→ DATASET EXTRACT

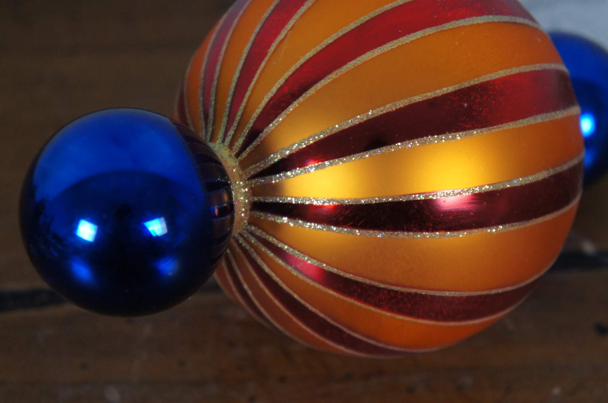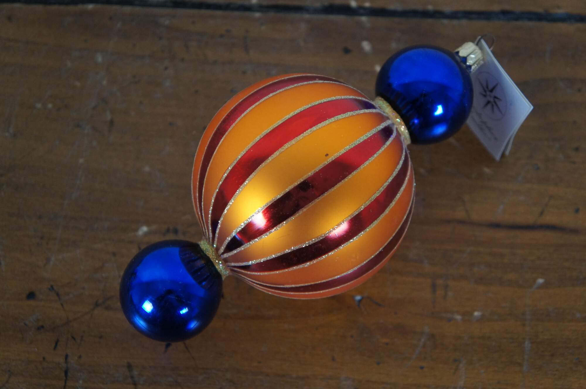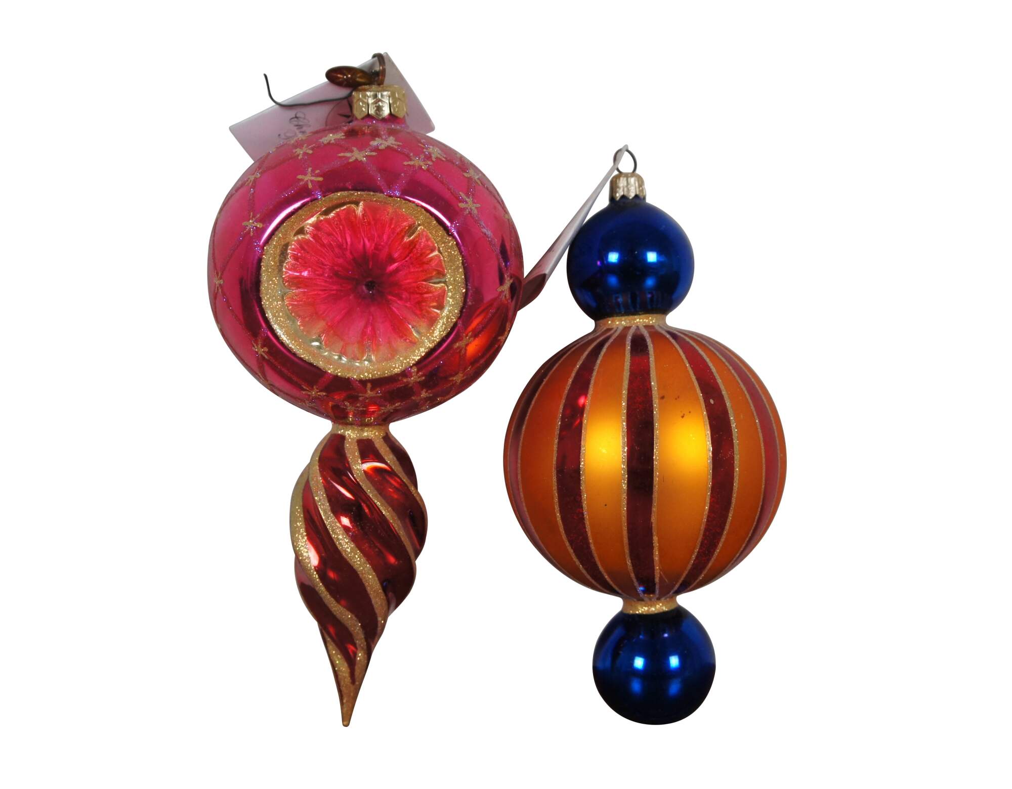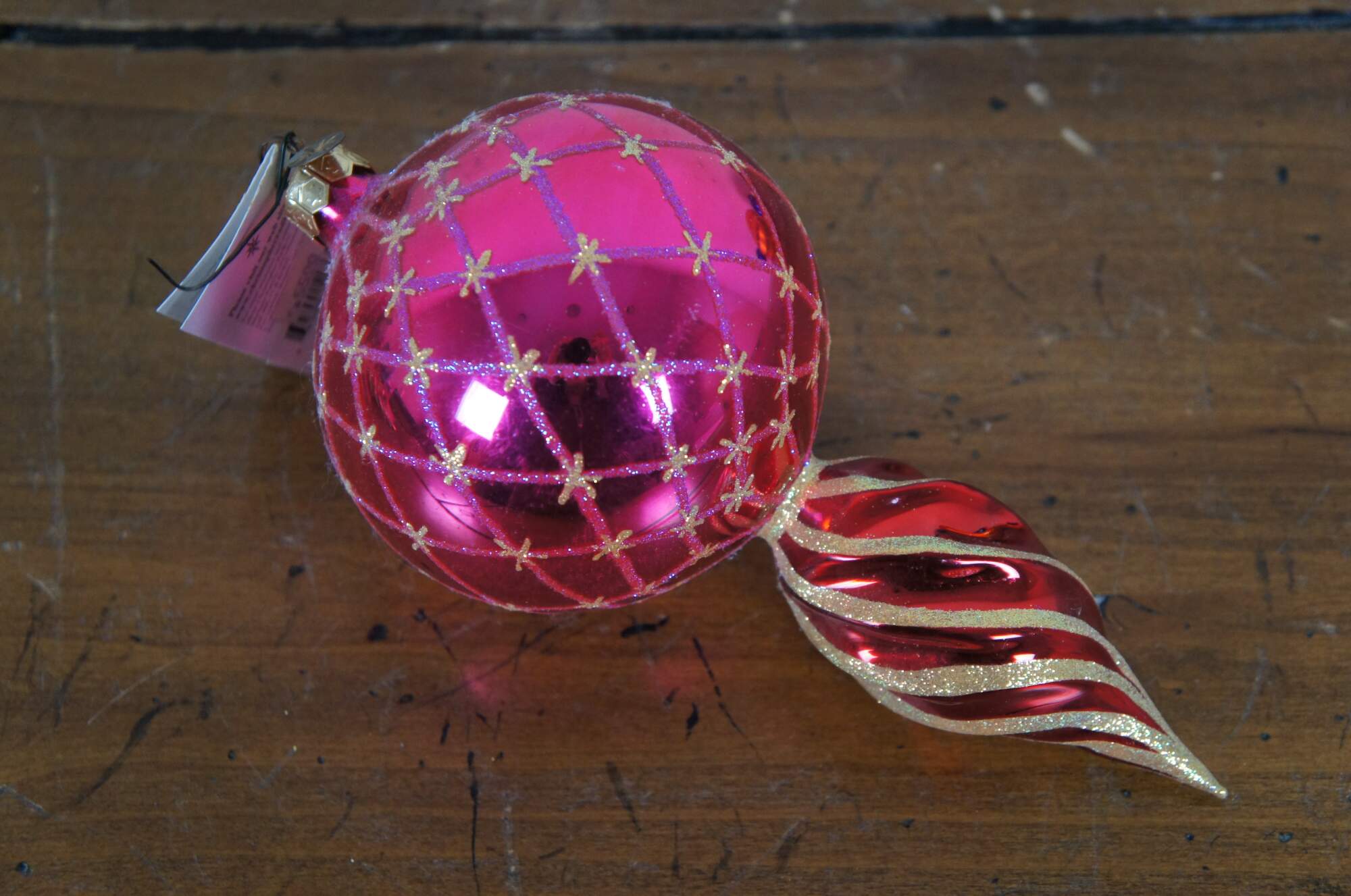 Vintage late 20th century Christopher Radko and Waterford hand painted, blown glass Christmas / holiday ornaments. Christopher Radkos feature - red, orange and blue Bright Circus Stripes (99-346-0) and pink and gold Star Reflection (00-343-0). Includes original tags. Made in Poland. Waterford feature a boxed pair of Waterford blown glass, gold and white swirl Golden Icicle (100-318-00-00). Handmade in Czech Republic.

==

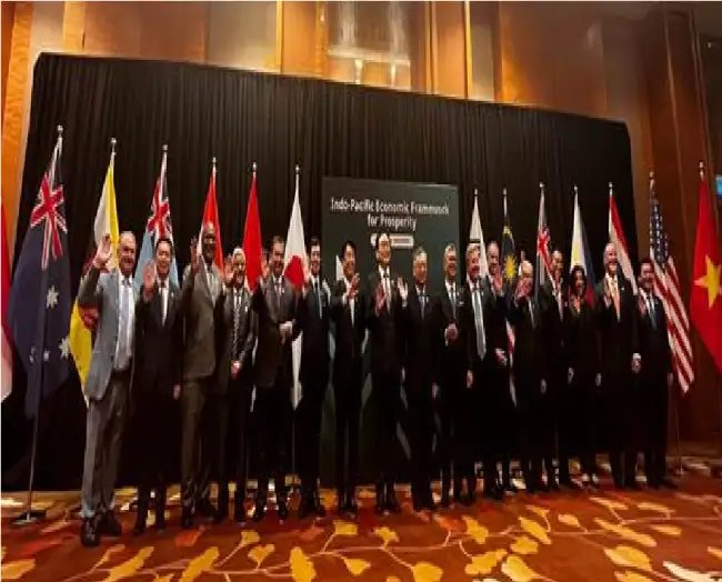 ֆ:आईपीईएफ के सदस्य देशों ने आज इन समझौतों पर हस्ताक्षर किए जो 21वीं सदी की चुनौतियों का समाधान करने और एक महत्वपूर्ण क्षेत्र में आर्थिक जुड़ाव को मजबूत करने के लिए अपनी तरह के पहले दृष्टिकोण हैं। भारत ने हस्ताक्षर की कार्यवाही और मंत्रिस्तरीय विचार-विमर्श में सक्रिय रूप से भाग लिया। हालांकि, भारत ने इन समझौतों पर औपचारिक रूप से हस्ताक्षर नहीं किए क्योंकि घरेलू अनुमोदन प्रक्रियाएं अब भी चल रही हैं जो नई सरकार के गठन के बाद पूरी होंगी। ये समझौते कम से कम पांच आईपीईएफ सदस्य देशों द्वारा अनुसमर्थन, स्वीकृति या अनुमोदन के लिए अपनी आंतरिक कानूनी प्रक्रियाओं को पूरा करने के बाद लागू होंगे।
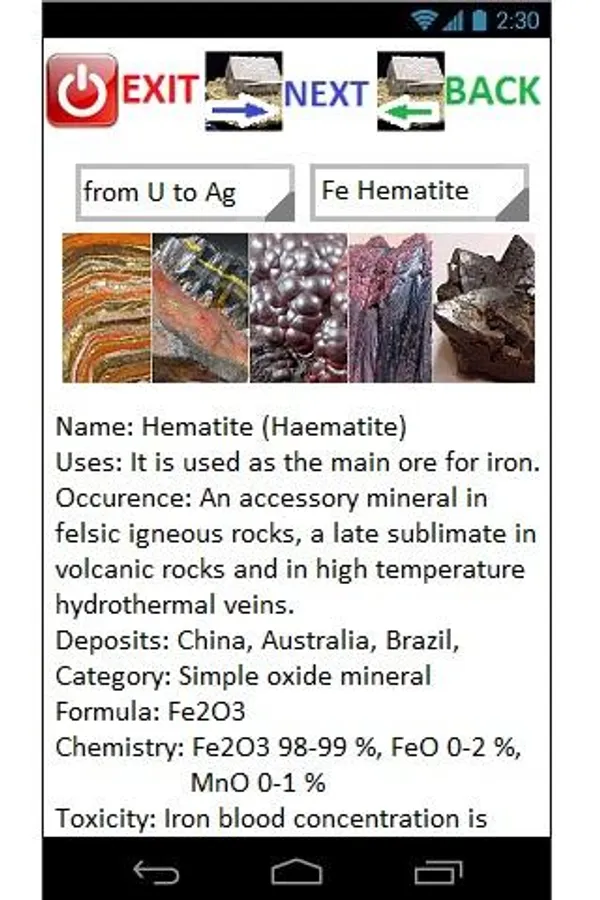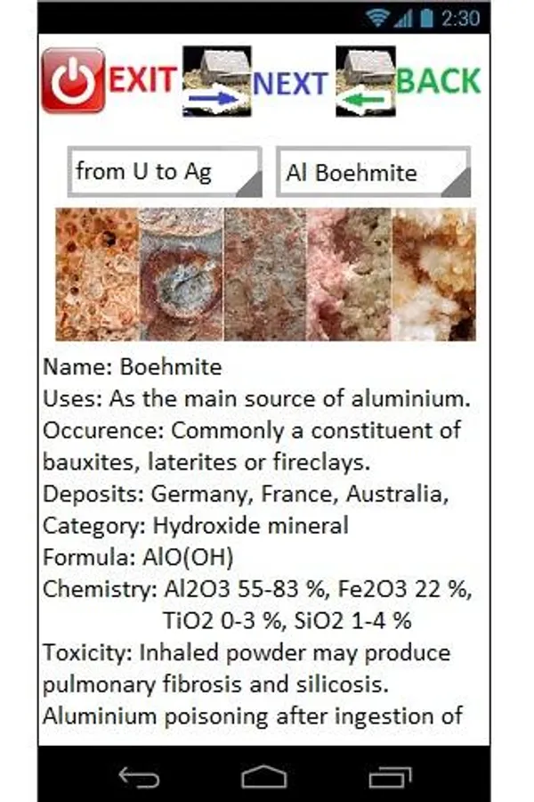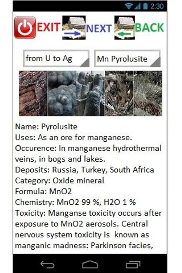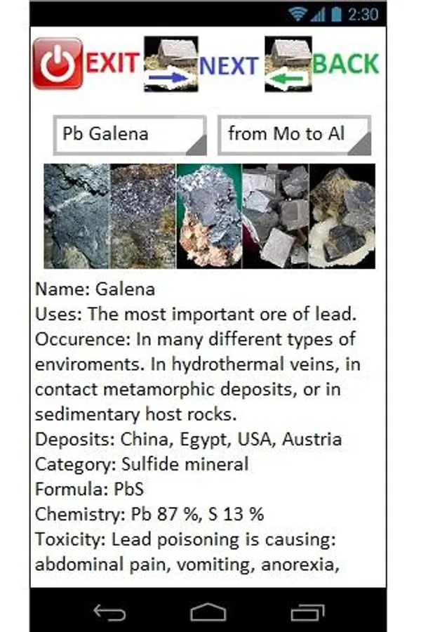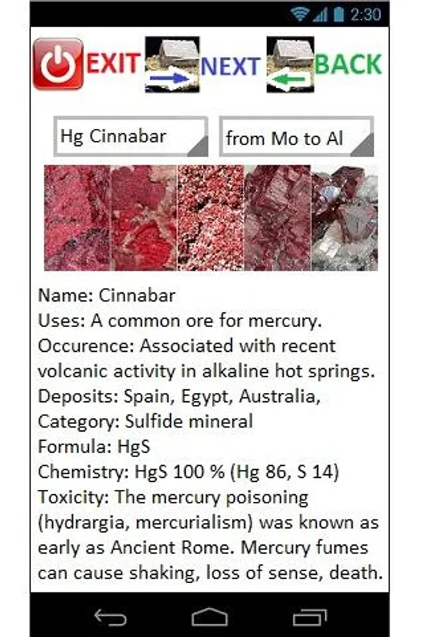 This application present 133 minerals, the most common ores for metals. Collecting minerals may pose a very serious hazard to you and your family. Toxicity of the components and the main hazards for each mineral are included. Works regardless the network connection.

* * *

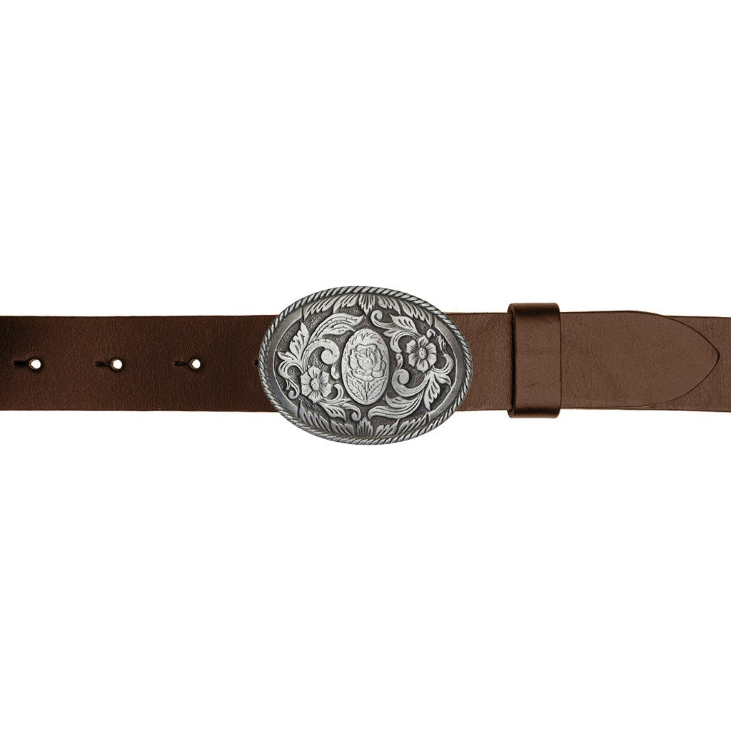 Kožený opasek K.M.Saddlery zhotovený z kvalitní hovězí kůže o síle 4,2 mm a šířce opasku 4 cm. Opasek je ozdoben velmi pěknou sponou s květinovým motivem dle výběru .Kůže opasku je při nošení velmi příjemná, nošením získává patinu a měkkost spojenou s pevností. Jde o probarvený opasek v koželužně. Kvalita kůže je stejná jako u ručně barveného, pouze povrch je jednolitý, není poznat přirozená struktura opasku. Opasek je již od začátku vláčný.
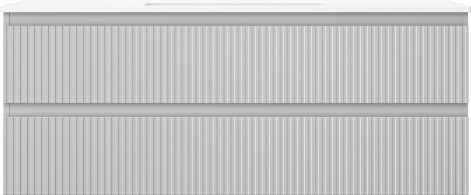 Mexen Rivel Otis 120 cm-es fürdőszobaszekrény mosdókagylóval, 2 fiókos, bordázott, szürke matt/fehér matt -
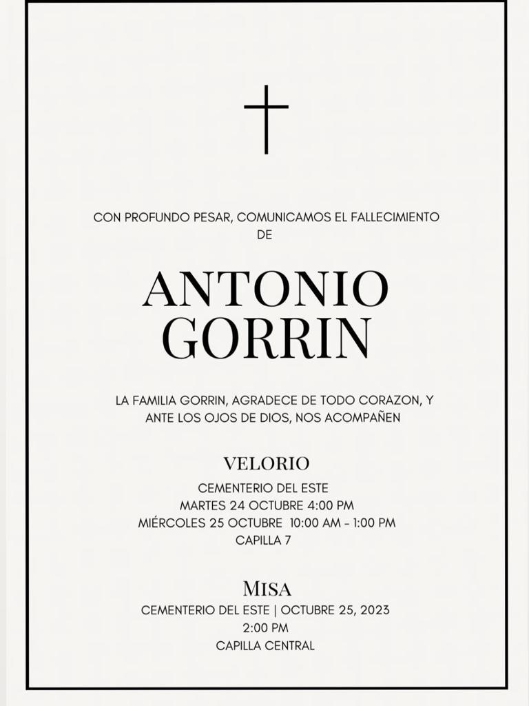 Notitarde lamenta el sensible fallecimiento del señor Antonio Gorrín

→ TASK ITEM
Copy out exactly the lines above beginning with the line that contains "Mexen Rivel Otis" and finishing with the line that contains "Notitarde lamenta el", including both; leave the pictures out.

→ RESPONSE TO THIS TASK
 Mexen Rivel Otis 120 cm-es fürdőszobaszekrény mosdókagylóval, 2 fiókos, bordázott, szürke matt/fehér matt -
 Notitarde lamenta el sensible fallecimiento del señor Antonio Gorrín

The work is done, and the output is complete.